Sexual arousal might also end up in regretful actions, such as unprotected sex, infidelity or transgressive sexual behavior. Men and women estimate their own sexual disinhibition as more likely when they are in a state of sexual arousal (Imhoff & Schmidt, 2014) and men transgress boundaries in an imaginary date script more if they are sexually aroused (Spokes et al., 2014). Although findings in laboratory paradigms like these should be generalized to everyday behavior with care, they might help us understand the interaction between sensory stimulation, sexual arousal and strong action tendencies that can be difficult to control.

Regarding the violation of social norms in general, there are remarkable differences between women and men. Men are held responsible for the most part of violent (79%) and sexual offences (91%), especially in severe cases (German Federal Crime Police Office, 2020). Also, pornography addiction rates seem to be higher in men (Rissel et al., 2017). The reasons for these asymmetries may be complex and multi-causal, but one reason might be stronger (or less regulated) action tendencies triggered by emotional states.

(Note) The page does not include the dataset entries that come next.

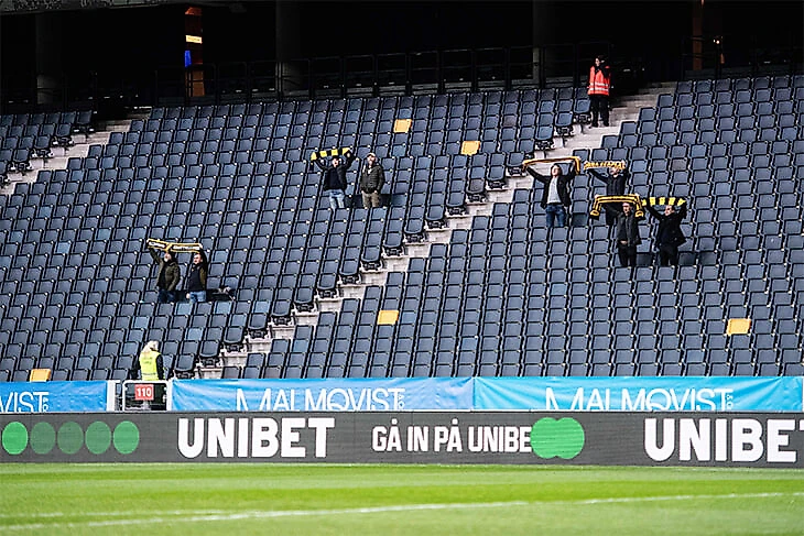 Дело в том, что возвращение зрителей на трибуны происходит постепенно: согласно правилу, утвержденному шведским правительством, спортивные мероприятия могут посещать только восемь (!) человек. Проводится специальная лотерея, где счастливчики получают шанс увидеть игру любимой команды.
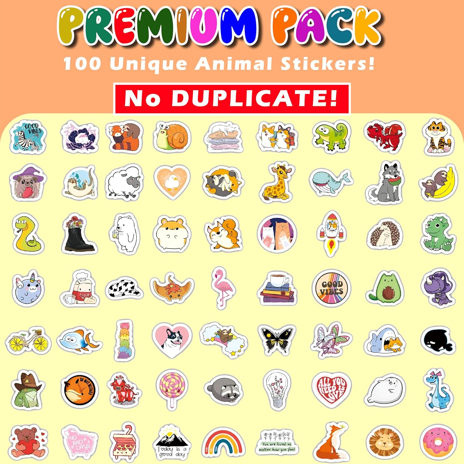 100 Unique animal stickers: You get a generous variety of 100 unique vinyl stickers, with a lot of lovely animal patterns, No Duplicates, and the same design as shown in our images. Each sticker pack is printed with cool and vibrant colors, making it easy to mix, match, and stick anywhere your imagination takes you. Each sticker has a size of 5-8 cm.
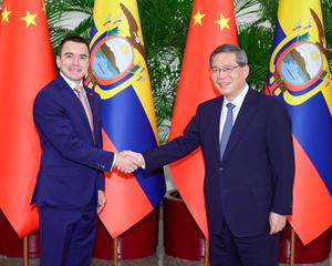 (250624) -- BEIJING, 24 junio, 2025 (Xinhua) -- El primer ministro chino, Li Qiang, se reúne con el presidente ecuatoriano,...
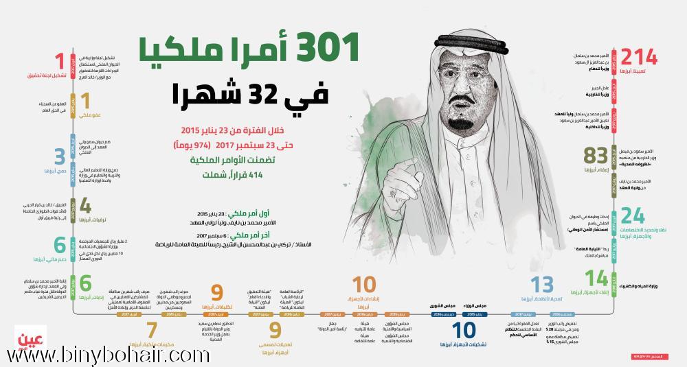 افتراضي انفوجرافيك.. في فترة وجيزة الملك سلمان يصدر 301 أمرا ملكيا في 32 شهرا
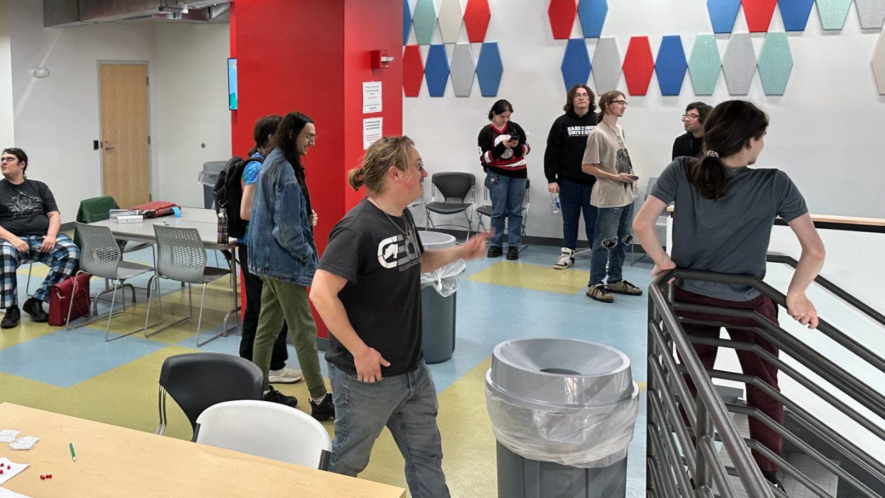 I had the opportunity to participate in a public playtest of student-designed games at Harrisburg University last week. The students are part of the “IMED 315 - Tabletop Game Design Studio” course co-taught by professors Greg Loring-Albright and Anthony Ortega.1
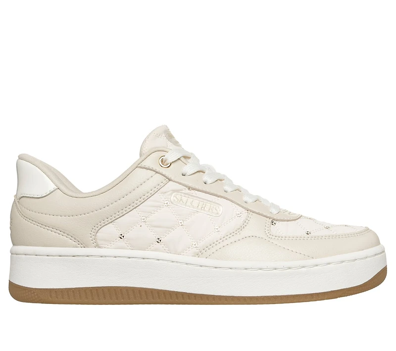 Cozy up to throwback style and modern comfort with Skechers Hands Free Slip-ins®: Sport Court 92 - Cozy Fit® Enchanting Glamour. Designed with our Heel Pillow®, this sporty fashion slip-on features a rhinestone-embellished Cozy Fit® and synthetic overlay upper, adjustable laces, and a Skechers Air-Cooled Memory Foam® insole to cushion every step.
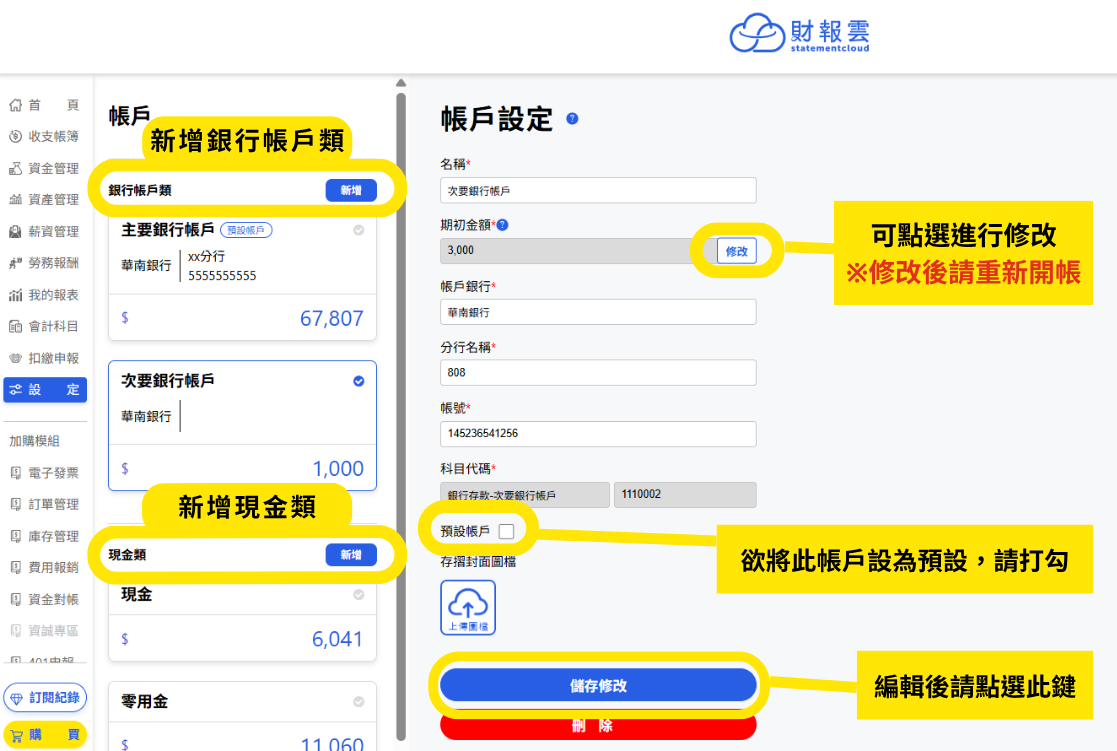 初期財報雲會預設一個銀行帳戶和一個現金帳戶,可依需求做修改。如要新增更多帳戶請在右方點擊新增。並可將常用帳戶/現金類修改為預設帳戶。
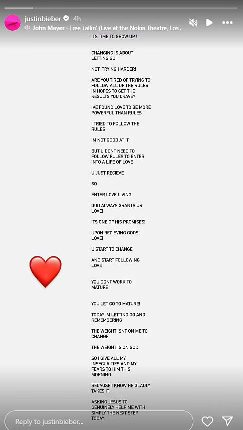 Το μήνυμά του προς τον Θεό ξεκινούσε με τα λόγια: «Είναι ώρα να μεγαλώσεις! Η αλλαγή σημαίνει να αφήνεις [κάτι] πίσω! Όχι να προσπαθείς περισσότερο! Είσαι κουρασμένος από το να προσπαθείς να ακολουθείς όλους τους κανόνες ελπίζοντας ότι θα πάρεις τα αποτελέσματα που επιθυμείς; Εγώ βρήκα την αγάπη πιο δυνατή από τους κανόνες που προσπάθησα να ακολουθήσω».
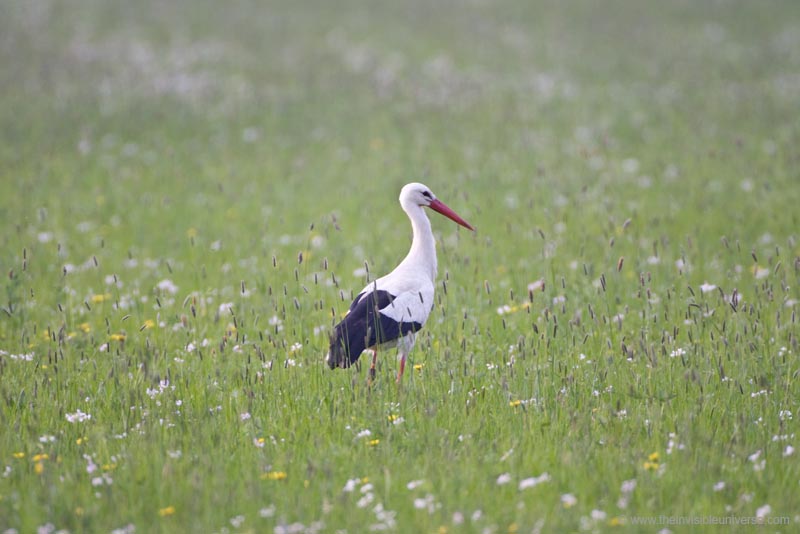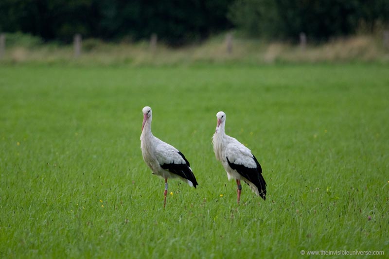 Ein Altstorchpaar bzw. ein Jungstorch auf den blühenden Wiesen der Lippeaue.

In accordance with this assumption, men are often considered as more impulsive than women. While impulsivity in general can be described as a predisposition to fast and unplanned reactions to stimuli without considering potential negative consequences (Moeller et al., 2001), several subcomponents have been identified that can be widely attributed to increased approach motivation, deficient inhibitory control and higher order decision based impulsivity (Cross et al., 2011). Having a closer look at subcomponents of impulsivity, a meta-analysis came to the conclusions that men show higher sensation seeking and risk-taking, as well as lower punishment sensitivity while no differences in reward sensitivity were observed (Cross et al., 2011). A review focusing on impulsive action and impulsive decision making found increased impulsive action in males depending on the behavioral task (go-nogo rather than stop-signal-tasks), and a tendency toward increased impulsive decision making in females (Weafer & de Wit, 2014).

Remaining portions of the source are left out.